How to complete this task: All the data should come back exactly as it was given.

Record excerpts:
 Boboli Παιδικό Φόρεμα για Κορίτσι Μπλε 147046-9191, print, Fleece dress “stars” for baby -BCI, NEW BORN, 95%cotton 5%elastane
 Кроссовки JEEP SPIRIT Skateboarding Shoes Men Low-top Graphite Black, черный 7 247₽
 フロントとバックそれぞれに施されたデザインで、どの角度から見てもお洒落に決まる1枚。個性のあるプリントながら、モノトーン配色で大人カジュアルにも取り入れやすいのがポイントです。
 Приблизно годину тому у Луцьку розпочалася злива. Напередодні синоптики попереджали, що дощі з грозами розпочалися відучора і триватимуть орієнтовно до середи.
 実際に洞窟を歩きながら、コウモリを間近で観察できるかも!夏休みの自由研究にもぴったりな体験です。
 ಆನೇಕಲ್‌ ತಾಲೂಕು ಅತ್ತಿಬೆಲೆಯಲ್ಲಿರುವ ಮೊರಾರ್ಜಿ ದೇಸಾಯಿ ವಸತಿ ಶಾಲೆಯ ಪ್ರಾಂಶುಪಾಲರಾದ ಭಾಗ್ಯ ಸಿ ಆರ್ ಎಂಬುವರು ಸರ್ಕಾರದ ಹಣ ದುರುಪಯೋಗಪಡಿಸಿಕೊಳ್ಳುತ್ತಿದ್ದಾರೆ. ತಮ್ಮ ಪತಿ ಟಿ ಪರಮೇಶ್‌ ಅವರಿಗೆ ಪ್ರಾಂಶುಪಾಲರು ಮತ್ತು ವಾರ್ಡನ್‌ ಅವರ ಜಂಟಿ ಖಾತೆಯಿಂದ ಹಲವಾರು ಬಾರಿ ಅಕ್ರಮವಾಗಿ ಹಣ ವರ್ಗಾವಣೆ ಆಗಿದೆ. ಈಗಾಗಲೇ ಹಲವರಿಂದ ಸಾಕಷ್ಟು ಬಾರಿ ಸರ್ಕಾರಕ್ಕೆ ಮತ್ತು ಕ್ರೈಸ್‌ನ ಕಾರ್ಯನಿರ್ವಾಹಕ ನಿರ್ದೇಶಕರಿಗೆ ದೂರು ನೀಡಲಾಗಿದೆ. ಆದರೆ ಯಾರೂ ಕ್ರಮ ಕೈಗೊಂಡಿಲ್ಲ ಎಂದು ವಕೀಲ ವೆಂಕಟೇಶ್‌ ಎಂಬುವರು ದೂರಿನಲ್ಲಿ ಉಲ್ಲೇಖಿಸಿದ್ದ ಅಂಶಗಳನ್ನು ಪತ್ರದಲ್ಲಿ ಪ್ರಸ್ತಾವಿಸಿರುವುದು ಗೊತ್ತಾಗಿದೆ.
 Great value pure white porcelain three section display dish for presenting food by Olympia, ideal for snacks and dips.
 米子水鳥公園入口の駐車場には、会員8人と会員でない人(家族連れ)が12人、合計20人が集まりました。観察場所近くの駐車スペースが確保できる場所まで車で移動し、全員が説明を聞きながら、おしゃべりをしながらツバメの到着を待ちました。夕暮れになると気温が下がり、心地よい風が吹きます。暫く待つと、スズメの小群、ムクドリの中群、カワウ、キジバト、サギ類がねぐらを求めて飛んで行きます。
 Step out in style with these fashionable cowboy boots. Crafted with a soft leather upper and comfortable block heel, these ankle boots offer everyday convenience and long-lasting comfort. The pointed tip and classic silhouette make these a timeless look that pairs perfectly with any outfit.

Output:
 Boboli Παιδικό Φόρεμα για Κορίτσι Μπλε 147046-9191, print, Fleece dress “stars” for baby -BCI, NEW BORN, 95%cotton 5%elastane
 Кроссовки JEEP SPIRIT Skateboarding Shoes Men Low-top Graphite Black, черный 7 247₽
 フロントとバックそれぞれに施されたデザインで、どの角度から見てもお洒落に決まる1枚。個性のあるプリントながら、モノトーン配色で大人カジュアルにも取り入れやすいのがポイントです。
 Приблизно годину тому у Луцьку розпочалася злива. Напередодні синоптики попереджали, що дощі з грозами розпочалися відучора і триватимуть орієнтовно до середи.
 実際に洞窟を歩きながら、コウモリを間近で観察できるかも!夏休みの自由研究にもぴったりな体験です。
 ಆನೇಕಲ್‌ ತಾಲೂಕು ಅತ್ತಿಬೆಲೆಯಲ್ಲಿರುವ ಮೊರಾರ್ಜಿ ದೇಸಾಯಿ ವಸತಿ ಶಾಲೆಯ ಪ್ರಾಂಶುಪಾಲರಾದ ಭಾಗ್ಯ ಸಿ ಆರ್ ಎಂಬುವರು ಸರ್ಕಾರದ ಹಣ ದುರುಪಯೋಗಪಡಿಸಿಕೊಳ್ಳುತ್ತಿದ್ದಾರೆ. ತಮ್ಮ ಪತಿ ಟಿ ಪರಮೇಶ್‌ ಅವರಿಗೆ ಪ್ರಾಂಶುಪಾಲರು ಮತ್ತು ವಾರ್ಡನ್‌ ಅವರ ಜಂಟಿ ಖಾತೆಯಿಂದ ಹಲವಾರು ಬಾರಿ ಅಕ್ರಮವಾಗಿ ಹಣ ವರ್ಗಾವಣೆ ಆಗಿದೆ. ಈಗಾಗಲೇ ಹಲವರಿಂದ ಸಾಕಷ್ಟು ಬಾರಿ ಸರ್ಕಾರಕ್ಕೆ ಮತ್ತು ಕ್ರೈಸ್‌ನ ಕಾರ್ಯನಿರ್ವಾಹಕ ನಿರ್ದೇಶಕರಿಗೆ ದೂರು ನೀಡಲಾಗಿದೆ. ಆದರೆ ಯಾರೂ ಕ್ರಮ ಕೈಗೊಂಡಿಲ್ಲ ಎಂದು ವಕೀಲ ವೆಂಕಟೇಶ್‌ ಎಂಬುವರು ದೂರಿನಲ್ಲಿ ಉಲ್ಲೇಖಿಸಿದ್ದ ಅಂಶಗಳನ್ನು ಪತ್ರದಲ್ಲಿ ಪ್ರಸ್ತಾವಿಸಿರುವುದು ಗೊತ್ತಾಗಿದೆ.
 Great value pure white porcelain three section display dish for presenting food by Olympia, ideal for snacks and dips.
 米子水鳥公園入口の駐車場には、会員8人と会員でない人(家族連れ)が12人、合計20人が集まりました。観察場所近くの駐車スペースが確保できる場所まで車で移動し、全員が説明を聞きながら、おしゃべりをしながらツバメの到着を待ちました。夕暮れになると気温が下がり、心地よい風が吹きます。暫く待つと、スズメの小群、ムクドリの中群、カワウ、キジバト、サギ類がねぐらを求めて飛んで行きます。
 Step out in style with these fashionable cowboy boots. Crafted with a soft leather upper and comfortable block heel, these ankle boots offer everyday convenience and long-lasting comfort. The pointed tip and classic silhouette make these a timeless look that pairs perfectly with any outfit.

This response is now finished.